The governing equation of the bending problem of simply supported thin plate on Pasternak foundation is degraded into two coupled lower order differential equations using the intermediate variable, which are a Helmholtz equation and a Laplace equation. A new solution of two-dimensional Helmholtz operator is proposed as shown in Appendix 1. The R-function and basic solutions of two-dimensional Helmholtz operator and Laplace operator are used to construct the corresponding quasi-Green function. The quasi-Green’s functions satisfy the homogeneous boundary conditions of the problem. The Helmholtz equation and Laplace equation are transformed into integral equations applying corresponding Green’s formula, the fundamental solution of the operator, and the boundary condition. A new boundary normalization equation is constructed to ensure the continuity of the integral kernels. The integral equations are discretized into the nonhomogeneous linear algebraic equations to proceed with numerical computing. Some numerical examples are given to verify the validity of the proposed method in calculating the problem with simple boundary conditions and polygonal boundary conditions. The required results are obtained through MATLAB programming. The convergence of the method is discussed. The comparison with the analytic solution shows a good agreement, and it demonstrates the feasibility and efficiency of the method in this article.

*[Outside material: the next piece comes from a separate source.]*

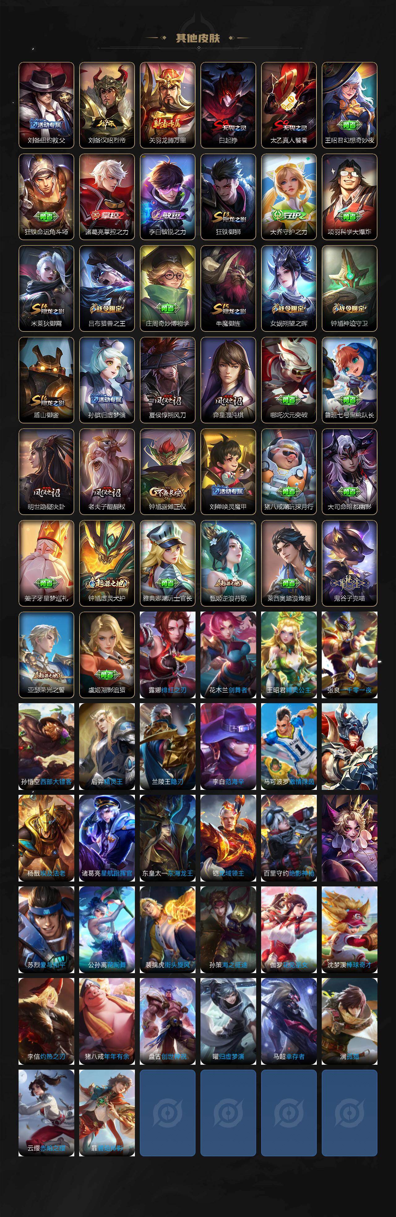 【其他皮肤】:项羽海滩派对,阿轲致命风华,达摩大发明家,赵云白执事,白起白色死神,扁鹊化身博士,安琪拉玩偶对对碰,妲己少女阿狸,典韦黄金武士,亚瑟死亡骑士,刘备万事如意,狄仁杰阴阳师,刘备纽约教父,刘备汉昭烈帝,关羽龙腾万里,白起狰,太乙真人饕餮,王昭君幻想奇妙夜,狂铁命运角斗场,诸葛亮掌控之力,李白敏锐之力,狂铁御狮,大乔守护之力,项羽科学大爆炸,米莱狄御霄,吕布猎兽之王,庄周奇妙博物学,牛魔御旌,女娲朔望之晖,钟馗神迹守卫,盾山御銮,孙膑归虚梦演,夏侯惇朔风刀,弈星混沌棋,哪吒次元突破,鲁班七号黑桃队长,明世隐疑决卦,老夫子醍醐杖,钟馗驱傩正仪,刘禅唤灵魔甲,猪八戒潮玩探月行,大司命暗都幽影,姜子牙星梦巡礼,钟馗虚灵犬护,雅典娜潮玩士官长,甄姬逆浪荇歌,莱西奥踏浪烽翎,鬼谷子克喵,亚瑟荣光之誓,虞姬溯影追猎,露娜绯红之刃,花木兰剑舞者,王昭君精灵公主,张良一千零一夜,孙悟空西部大镖客,后羿精灵王,兰陵王隐

帕斯捷尔纳克地基上的简单支撑薄板弯曲问题的控制方程通过中间变量被分解为两个耦合的低阶微分方程，分别是亥姆霍兹方程和拉普拉斯方程。提出了一个二维Helmholtz算子的新解，如附录1所示。使用二维Helmholtz算子和Laplace算子的R函数和基本解来构造相应的准Green函数。拟格林函数满足问题的齐次边界条件。应用相应的格林公式，算子的基本解和边界条件，将亥姆霍兹方程和拉普拉斯方程转换为积分方程。构造新的边界归一化方程以确保积分核的连续性。积分方程被离散化为非齐次线性代数方程，以进行数值计算。数值算例验证了该方法在简单边界条件和多边形边界条件下计算问题的有效性。所需的结果是通过MATLAB编程获得的。讨论了该方法的收敛性。与解析解的比较表明吻合良好，证明了本文方法的可行性和有效性。数值算例验证了该方法在简单边界条件和多边形边界条件下计算问题的有效性。所需的结果是通过MATLAB编程获得的。讨论了该方法的收敛性。与解析解的比较表明吻合良好，证明了本文方法的可行性和有效性。数值算例验证了该方法在简单边界条件和多边形边界条件下计算问题的有效性。所需的结果是通过MATLAB编程获得的。讨论了该方法的收敛性。与解析解的比较表明吻合良好，证明了本文方法的可行性和有效性。